入金管理とはどのような業務を指すのか、また、必要な理由について解説します。
取引先からの入金が適切に行われているかを確認する業務
入金管理は、取引先からあらかじめ定められた日に入金が行われたかどうかや、請求金額と入金額が一致しているかを確認し、入金消込をする業務のことです。なお、入金消込とは、取引先へ販売した商品やサービスの対価として請求した代金が入金された時点で、売掛金を削除する作業を指します。
入金管理は、売掛金の管理や取引先との信頼関係を維持するために重要な業務です。適切な入金管理を行うことで、企業運営上欠かせない資金繰りや業績管理を適正化できます。
入金管理が必要な理由
企業は資金繰りを円滑にするために、入金管理を厳格に行う必要があります。入金管理を徹底して行うことで、請求漏れや回収漏れを防ぐことが可能です。入金管理をずさんにすると、入金の遅延や請求ミスなどの状況把握が遅れてしまうことがあります。
入金が適切に行われないと企業のキャッシュフローが悪化し、自社から仕入先への支払いが滞ったり、投資に必要な資金を用意できないといった事態に陥ったりするリスクも考えられます。
売掛金の正確な管理
売掛金とは、商品やサービスなどを提供したものの、まだ受領していない代金を指します。

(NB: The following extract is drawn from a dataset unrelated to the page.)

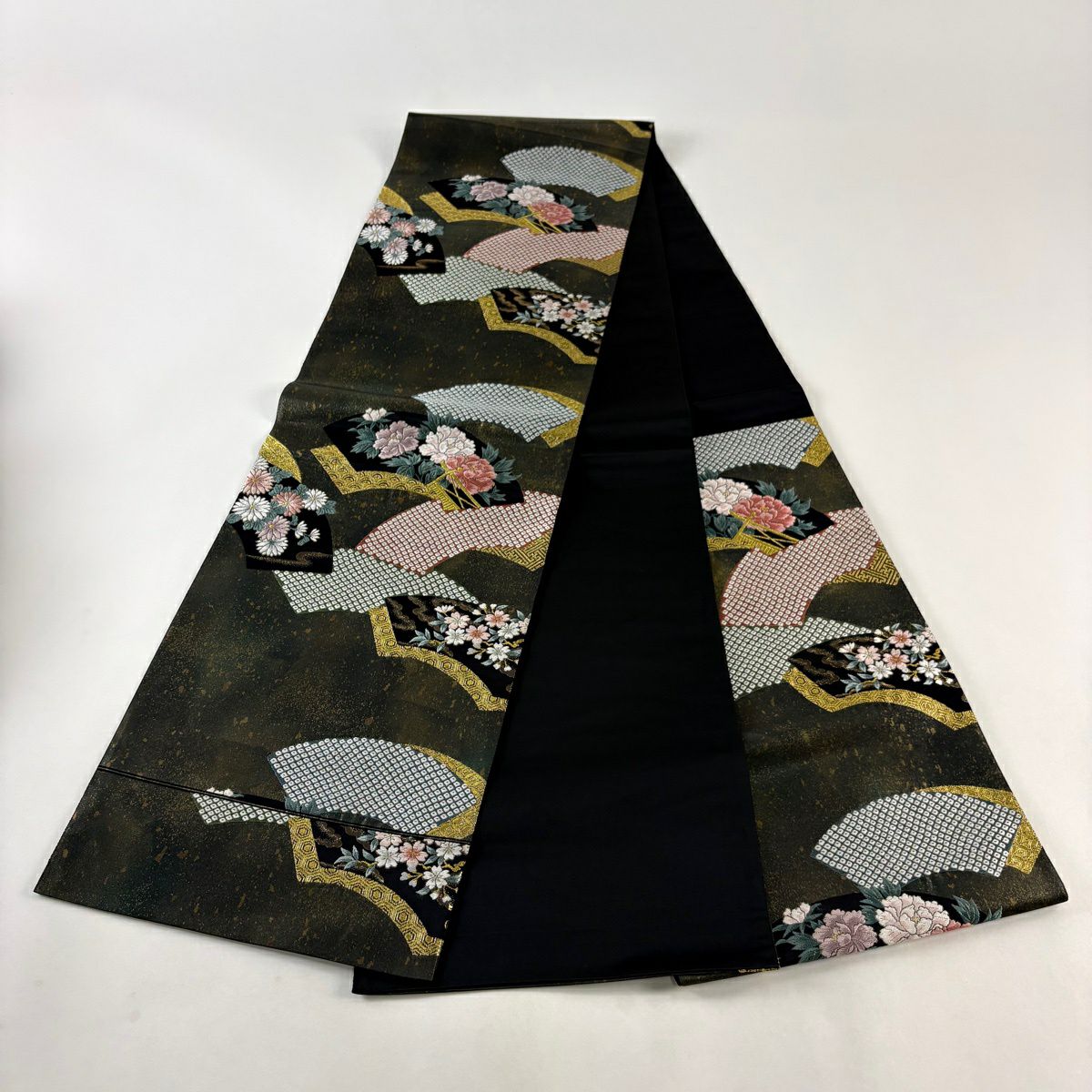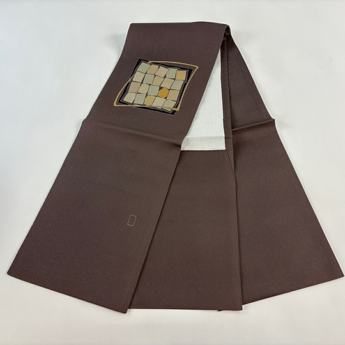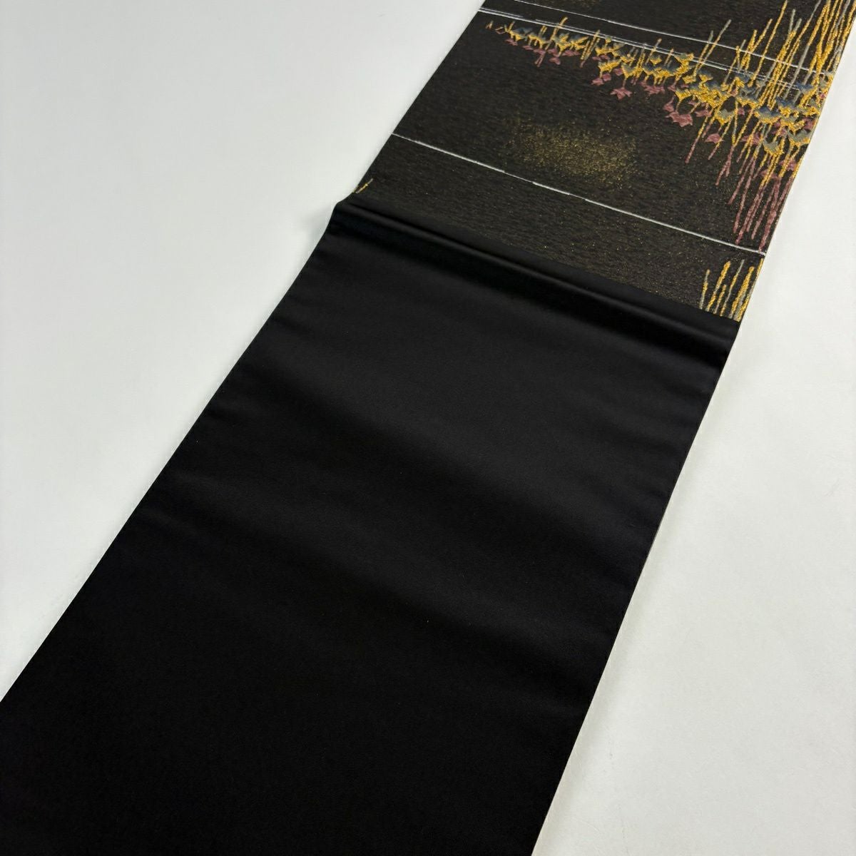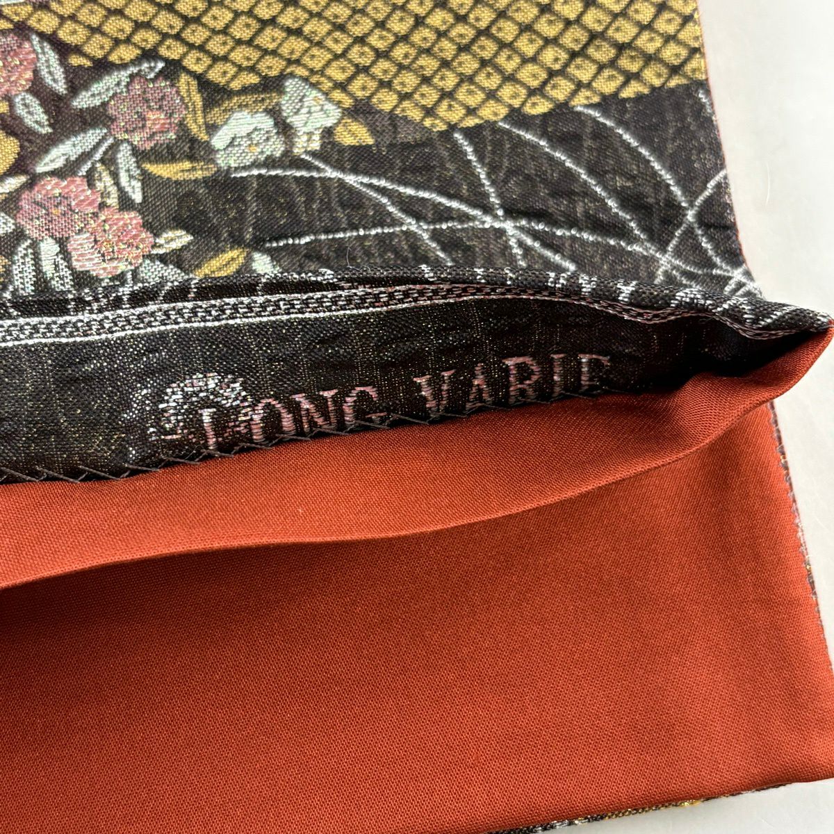 【美品】 袋帯 秀品 草花 文字 金糸 箔 焦茶色 六通 正絹

入金予定日や入金予定額を把握していない場合、各取引の完了状況を正確に判断できません。入金の遅れや漏れの発見が遅れると、正確な収益の計算が困難となり、未回収リスクも高まります。そのため、請求情報と入金情報を照合し、売掛金の状況を常に把握しておく必要があります。
キャッシュフローの安定
企業のキャッシュフローを安定させるためには、入金管理が不可欠です。売掛金の未払いが続くと、予定していた資金が入金されず、キャッシュフローが悪化します。入金管理を徹底し、支払い遅延が発生している取引先に速やかに連絡を取ることで、資金の流れの停滞を回避できます。計画的な資金繰りを実現し、安定した企業経営を継続するためにも、入金管理は重要です。
不正の防止
入金管理は、社内不正の抑止にもつながります。例えば、担当者が取引先から回収した現金を着服し、企業には未入金として報告するケースが考えられます。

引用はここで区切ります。